#### Description of the task
From first line to last, transcribe the listing exactly and skip any image.

-*-

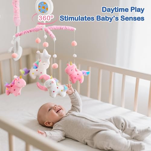Unicorn Baby Crib Mobile for Girls with Music Box (100+ Lullabies), Rotating Plush Crib Toys for Newborns, Infant, Baby Shower Gift
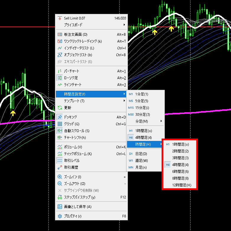 それ以外にもMT5には1時間足・2時間足・3時間足など選択肢が広がっています。
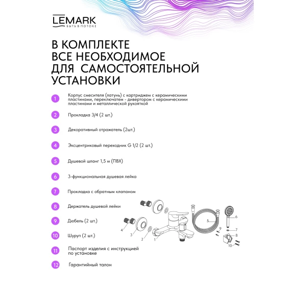 Аэратор, Металлическая розетка, Эксцентрики, Душевой шланг, Душевая лейка, Держатель для душевой лейки
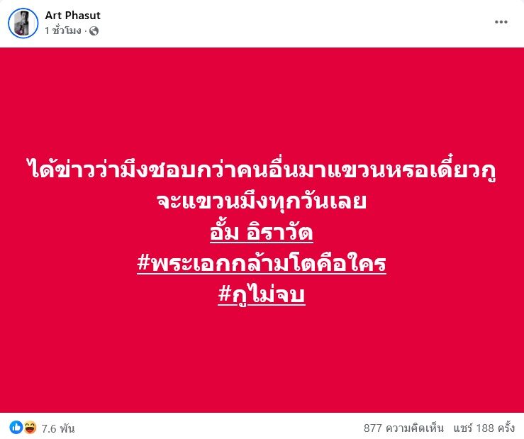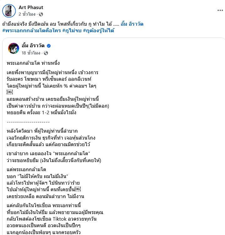 อ่านข่าวต้นฉบับได้ที่ : อาร์ต พศุตม์ เดือดลั่นกูไม่จบ ถาม อั้ม อิราวัต ปิดเมนต์ลบโพสต์ทำไม พระเอกกล้ามโตคือใคร
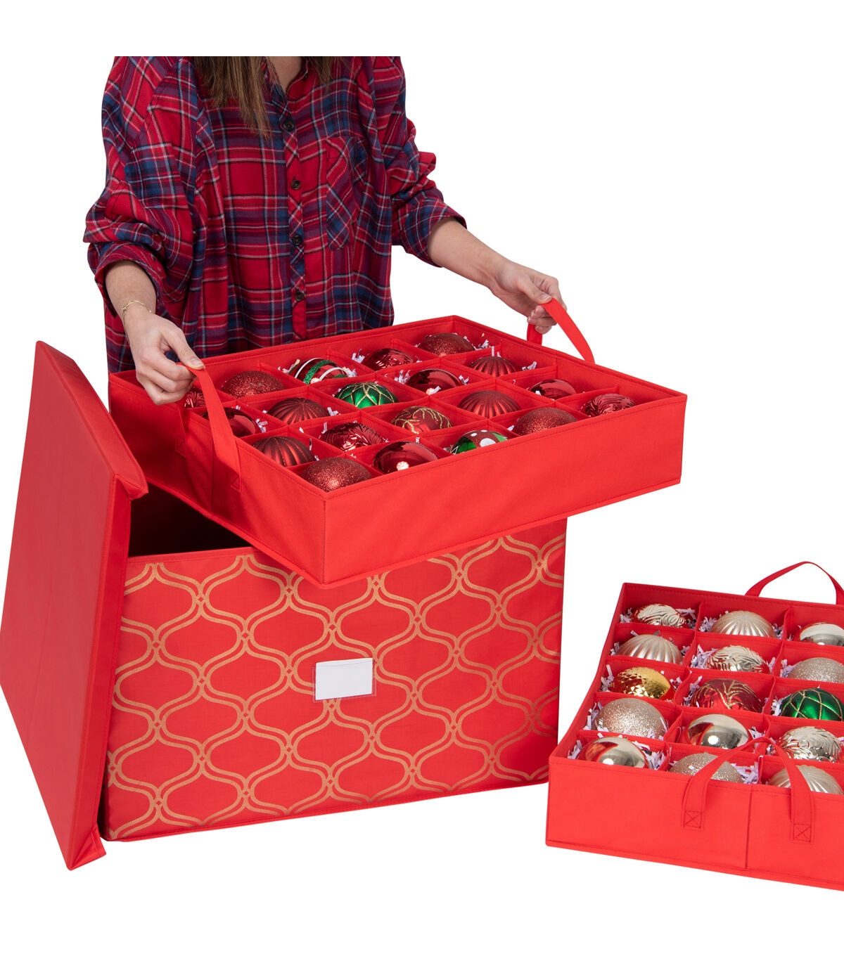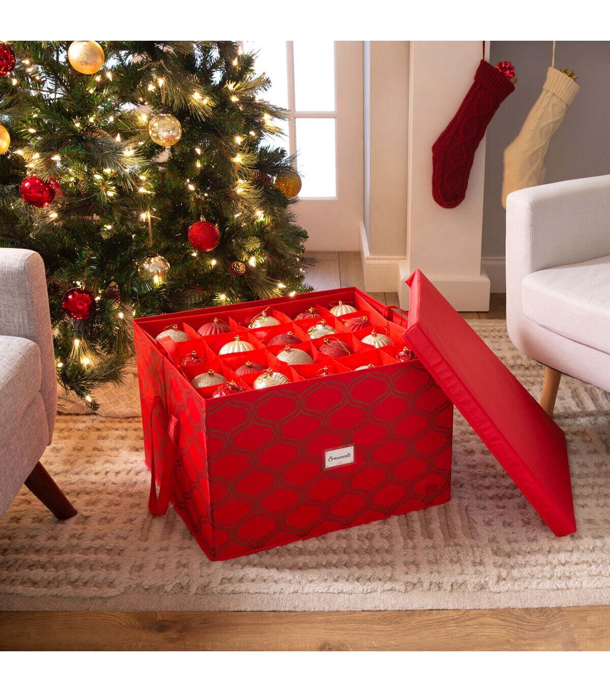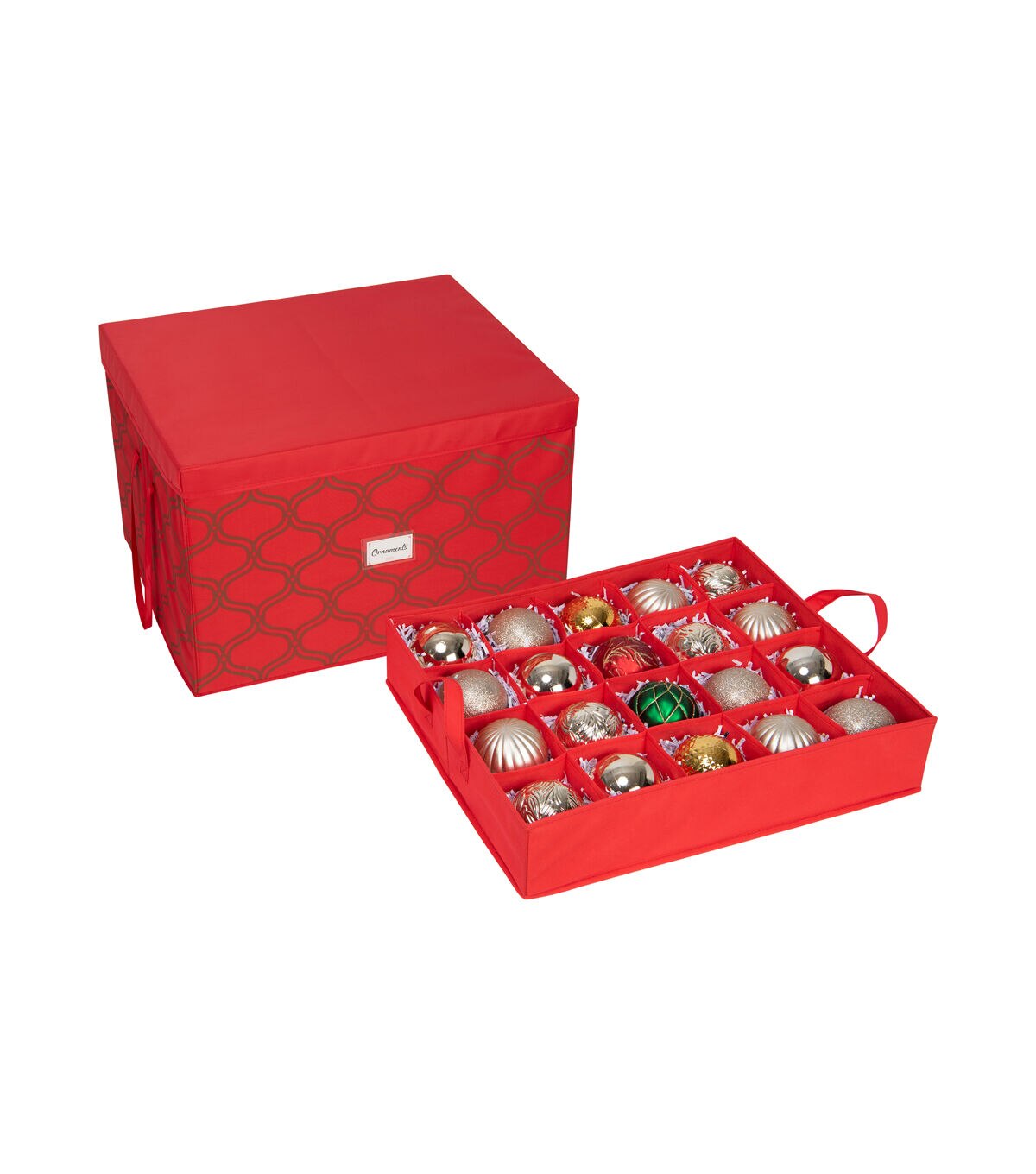 Keep your precious holiday décor safe on the off season with the Simplify Holiday festive storage tote bins! Holds 60 ornaments at a time, up to 2.25 inches big. The plastic material allows the storage bin to protect what's inside from being crushed, dust, odors and water. Stackable design allows you to maximize your storage space, removable lid makes it easy to pack and unpack your items. The festive holiday print allows you to use for more than just a storage box, can be used as a big gift box or a holiday basket!
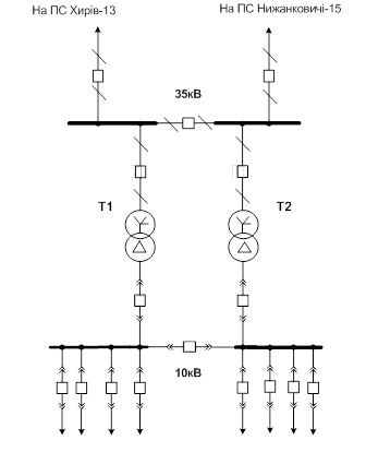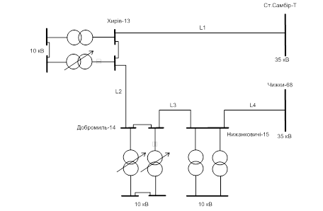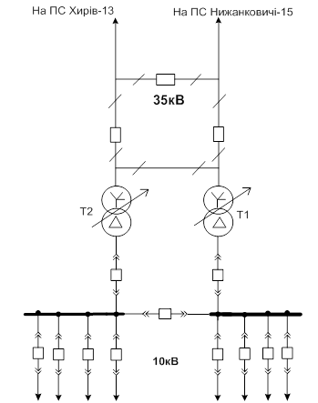 На підстанції «Добромиль-14» 35/10 кВ, схема якої наведена на рис.1.3, встановлено два трансформатори потужністю 4 і 2.5 МВ×А. Від шин 10 кВ живляться споживачі потужністю 3.366+j1.84МВ×А
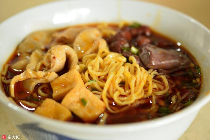 肠旺面是贵州当地的一种名面。所谓肠旺面,肠是猪大肠,旺是猪血。特点是血嫩、面脆、辣香、汤鲜,红而不辣、油而不腻、脆而不生。
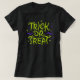Feiern Sie mit diesem auffälligen Halloween-T - Shirt "Trick or Treat" die lustige Jahreszeit. Dieses Design mit lebhaften grünen und lila Schriften und spielerischen Star-Akzenten vereint den Spaß und die Spannung der Halloween-Nacht. Dieser T - Shirt ist perfekt für Trick- oder Behandlungstouren, Halloween-Partys oder das Hinzufügen einer festlichen Touch zum Schrank im Alltag. Er ist ein Muss für jeden Halloween-Fans. Das kühne und skurrile Design hebt sich ab und sorgt dafür, dass Sie überall im Halloween-Geist sind.
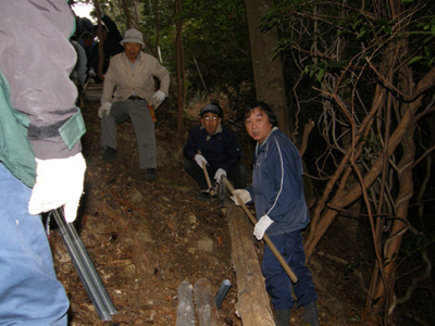 ![]() すさみ町里野と白浜町三ケ川にある富田坂の二カ所の補修作業をおこないました。いずれも以前刈り開いた場所ですが、歩きにくいとか危険であるとか言った指摘のあった場所を、土砂を取り除いたり、階段や土止めを作って安全に歩けるようにしました。 |
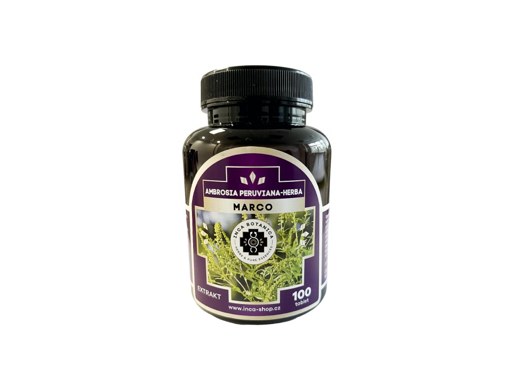 100% Marco (Ambrosia peruviana-herba). 1 tbl. 600 mg obsahuje mikrokrystalická celulóza (plnidlo), Marco (Ambrosia peruviana-herba) extrakt 160 mg, Hydroxypropylmetylcelulóza (stabilizátor), Stearan hořečnatý rostlinný (protispékavá látka)

-*-

#### Result of this exercise
Unicorn Baby Crib Mobile for Girls with Music Box (100+ Lullabies), Rotating Plush Crib Toys for Newborns, Infant, Baby Shower Gift
 それ以外にもMT5には1時間足・2時間足・3時間足など選択肢が広がっています。
 Аэратор, Металлическая розетка, Эксцентрики, Душевой шланг, Душевая лейка, Держатель для душевой лейки
 อ่านข่าวต้นฉบับได้ที่ : อาร์ต พศุตม์ เดือดลั่นกูไม่จบ ถาม อั้ม อิราวัต ปิดเมนต์ลบโพสต์ทำไม พระเอกกล้ามโตคือใคร
 Keep your precious holiday décor safe on the off season with the Simplify Holiday festive storage tote bins! Holds 60 ornaments at a time, up to 2.25 inches big. The plastic material allows the storage bin to protect what's inside from being crushed, dust, odors and water. Stackable design allows you to maximize your storage space, removable lid makes it easy to pack and unpack your items. The festive holiday print allows you to use for more than just a storage box, can be used as a big gift box or a holiday basket!
 На підстанції «Добромиль-14» 35/10 кВ, схема якої наведена на рис.1.3, встановлено два трансформатори потужністю 4 і 2.5 МВ×А. Від шин 10 кВ живляться споживачі потужністю 3.366+j1.84МВ×А
 肠旺面是贵州当地的一种名面。所谓肠旺面,肠是猪大肠,旺是猪血。特点是血嫩、面脆、辣香、汤鲜,红而不辣、油而不腻、脆而不生。
Feiern Sie mit diesem auffälligen Halloween-T - Shirt "Trick or Treat" die lustige Jahreszeit. Dieses Design mit lebhaften grünen und lila Schriften und spielerischen Star-Akzenten vereint den Spaß und die Spannung der Halloween-Nacht. Dieser T - Shirt ist perfekt für Trick- oder Behandlungstouren, Halloween-Partys oder das Hinzufügen einer festlichen Touch zum Schrank im Alltag. Er ist ein Muss für jeden Halloween-Fans. Das kühne und skurrile Design hebt sich ab und sorgt dafür, dass Sie überall im Halloween-Geist sind.
 ![]() すさみ町里野と白浜町三ケ川にある富田坂の二カ所の補修作業をおこないました。いずれも以前刈り開いた場所ですが、歩きにくいとか危険であるとか言った指摘のあった場所を、土砂を取り除いたり、階段や土止めを作って安全に歩けるようにしました。 |
 100% Marco (Ambrosia peruviana-herba). 1 tbl. 600 mg obsahuje mikrokrystalická celulóza (plnidlo), Marco (Ambrosia peruviana-herba) extrakt 160 mg, Hydroxypropylmetylcelulóza (stabilizátor), Stearan hořečnatý rostlinný (protispékavá látka)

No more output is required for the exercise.